Electricty generating speed bumps

Due to today's lack of major stories relating to the renewable energy sector in the UK I thought I would give my opinion on a story I read in the Guardian last weekend. This article dealt with a new idea to generate electricity using the kinetic energy in traffic by utilising updated speed bumps. This seems like a very good idea on the face of it.


However, one has to question where these will be sited. It is a fact of physics that energy cannot be created or destroyed, and so the energy from the electricity will have to come from the vehicles passing over the new devices. As such the vehicle will lose energy (presumably in the form of speed) whilst it travels over the speed bump, and so if the driver wishes to maintain the speed it will need to increase fuel consumption. As a result there is the potential that siting these will result in increased fuel usage in the vehicles to allow the electricity to be generated.
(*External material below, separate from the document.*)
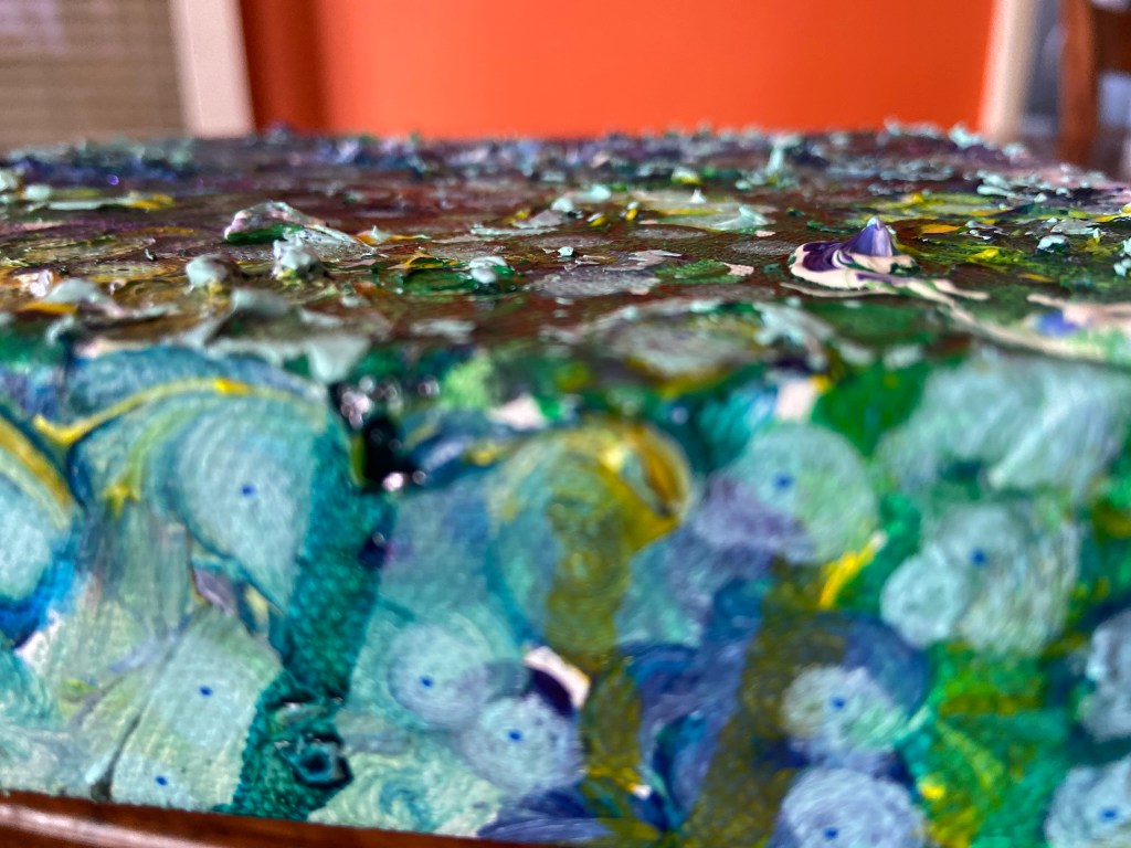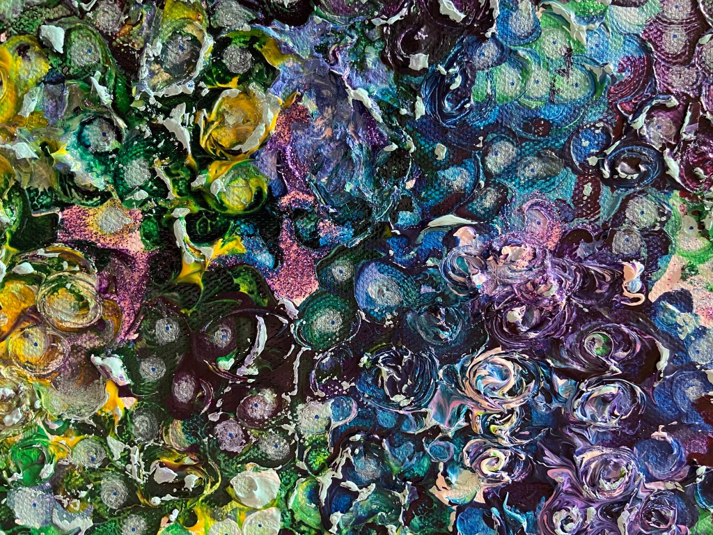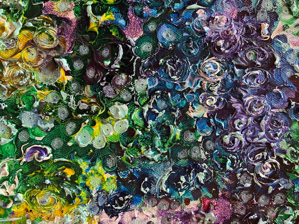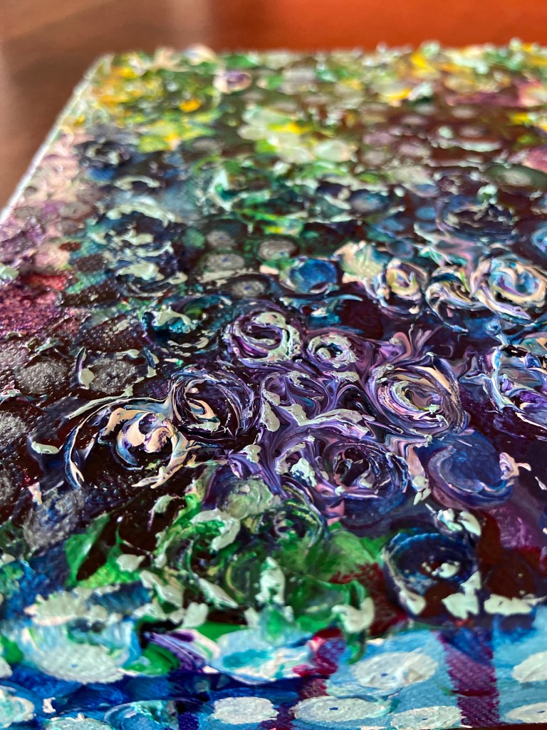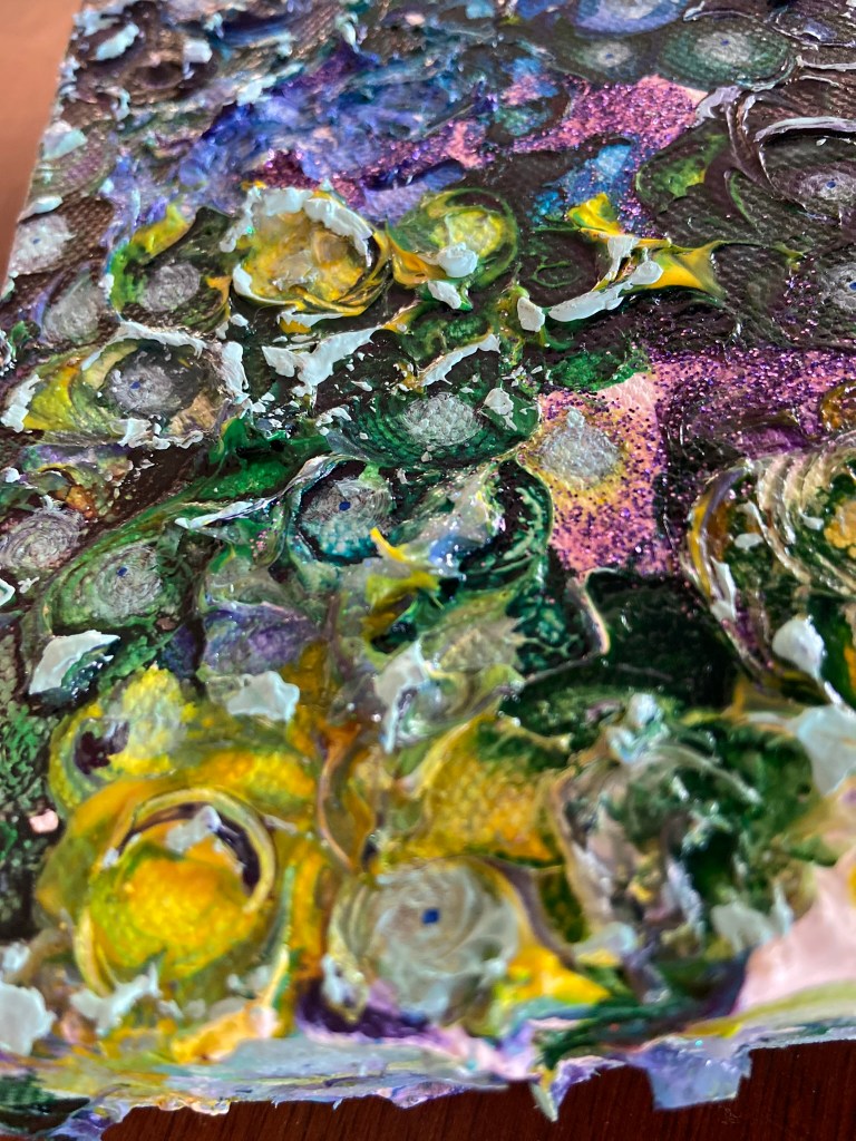 My painting is acrylic, acrylic ink and glitter

It would also be the case that this would be a very inefficient way of generating electricity, since the internal combustion engine in the vehicle is less efficient than even fuel oil fed conventional power stations, and on top of this there are the inefficiencies in associated within the speed bump.

I do appreciate however that since the idea of a speed bump is to slow the traffic down this could be a good thing, especially if the bumps were tuned so that they only took energy out of the traffic when it was above a certain speed. In these cases it would be good, and for this reason i could see these being particularly useful in areas where braking is happening, such as at the bottom of long hills and also on stretches of roads where it can be determined the drivers will slow down after the speed bumps.